Discussion about the results and possible ameliorations

Model with buy-in threshold and turnover constraints

It would be interesting to add constraints in order to overcome the issue evoked previously concerning the transactions costs. Indeed the realocation of the capital in order to adjust the current portfolio can be very expensive if the existing portfolio is different from the targeted one.

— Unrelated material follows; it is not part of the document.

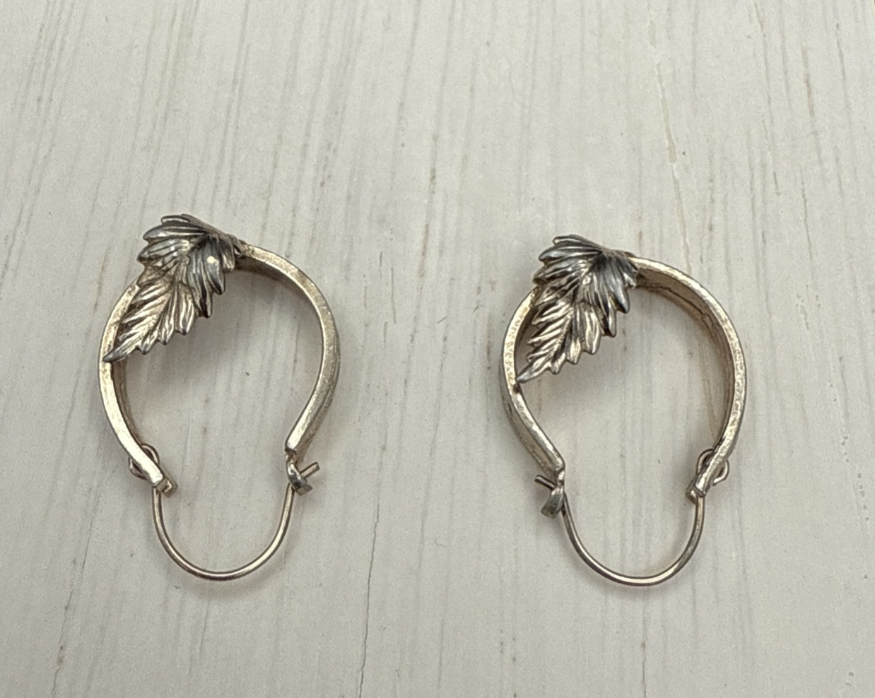 Vintage EARRINGS Faded Gold Tone Small Hoops with Leaf Attached To Side PRETTY! (5598)

In addition, it might be pertinent to add minimum and maximum transaction levels while adding the weight of assets directly in the model

Here is a model incorporating those ideas :

\begin{array}{lll} max \sum_{i=1}^{n} \sum_{j=1}^{n} \alpha_{ij} x_{ij} \\ \\ \sum_{j=1}^{n} x_{ij} = 1 \hspace{3cm} i = 1,...,n \\ \\ x_{ij} \le y_{j} \hspace{1cm} i = 1,...,n \hspace{0.2cm} j= 1,...,n \\ \\ \sum_{j=1}^{n} y_{j} = q \\ \\ l_{j} y_{j} \le \frac{ \sum_{i=1}^{n} V_{i} x_{ij}}{ \sum_{i=1}^{n} V_{i}} \le u_{j} y_{j} \hspace{0.5cm} j= 1,...,n \\ \\ w_{j} = \frac{ \sum_{i=1}^{n} V_{i} x_{ij}}{ \sum_{i=1}^{n} V_{i}} \hspace{0.5cm} j= 1,...,n \\ \\ \sum_{j=1}^{n} |w_{j}^0 - w_{j}| \alpha \le \lambda \\ \\ x_{ij}, y_{j} \in \left\{ 0,1 \right\} \end{array}

where :

$V_{i}$ is the market value of stock i at current time

$w_{j}$ denotes the proportion of wealth invested in stock j (set to 0 if asset j is not selected )

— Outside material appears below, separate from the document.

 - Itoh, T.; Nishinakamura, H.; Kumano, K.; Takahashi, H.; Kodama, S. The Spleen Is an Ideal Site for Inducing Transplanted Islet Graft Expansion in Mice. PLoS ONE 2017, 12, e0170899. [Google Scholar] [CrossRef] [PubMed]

$w_{j}^0$ corresponds to the proportion of stock j in current portfolio

$|w_{j}^0 - w_{j}|$ denotes the turnover of stock j from buying or selling.

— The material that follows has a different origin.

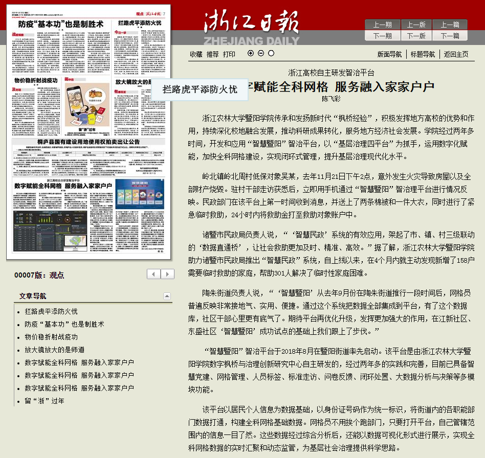 浙江日报:浙江高校自主研发智治平台数字赋能全科网格 服务融入家家户户

Diversification of the portfolio

To overcome the lack of diversification within the portfolio constructed this way, we can classify the companies of the CAC40 by sector and then rebalance the portfolio at minimum cost.

Indeed, we might introduce different sectors of activity which best represents the companies of the CAC40. Such sectors could be Insurance, bank, Chemistry, real-estate or others.

$\cdot $ Let us assume that there are m such characteristics that we would like our index fund to track as well as possible

$\cdot $ The $f_{i}$ correspond to the different sectors evoked previously

$\cdot $ Let $a_{ij} = 1$ if company j belongs to sector i and 0 if it does not

$\cdot $ Let $x_{j} $ denote the optimum weight of asset j in the portfolio

$\cdot $ Assume that initially, the portfolio has weights $x_{j}^{0}$

$\cdot $ Let $ y_{j}$ denote the fraction of asset j bought and $z_{j} $ the fraction sold

The linear programming model corresponding to this approach is the following one :

$$min \sum_{i=1}^{n} (y_{j} + z_{j}) \hspace{5cm}$$

$$\sum_{j=1}^{n} a_{ij} x_{j} = f_{i} \hspace{3cm} i= 1,...,m$$

$$\sum_{j=1}^{n} x_{j} = 1 \hspace{5cm}$$

$$ x_{j} -x_{j}^{0} \le y_{j} \hspace{3cm} j= 1,...,n $$

$$ x_{j}^{0} -x_{j} \le z_{j} \hspace{3cm} j= 1,...,n $$

$$ x_{j} \ge 0 \hspace{3cm} j= 1,...,n $$

$$ y_{j} \ge 0 \hspace{3cm} j= 1,...,n $$

$$ z_{j} \ge 0 \hspace{3cm} j= 1,...,n $$

Time of execution

The use of the lagrangian relaxation would be interesting in order to reduce the time needed to execute the solver.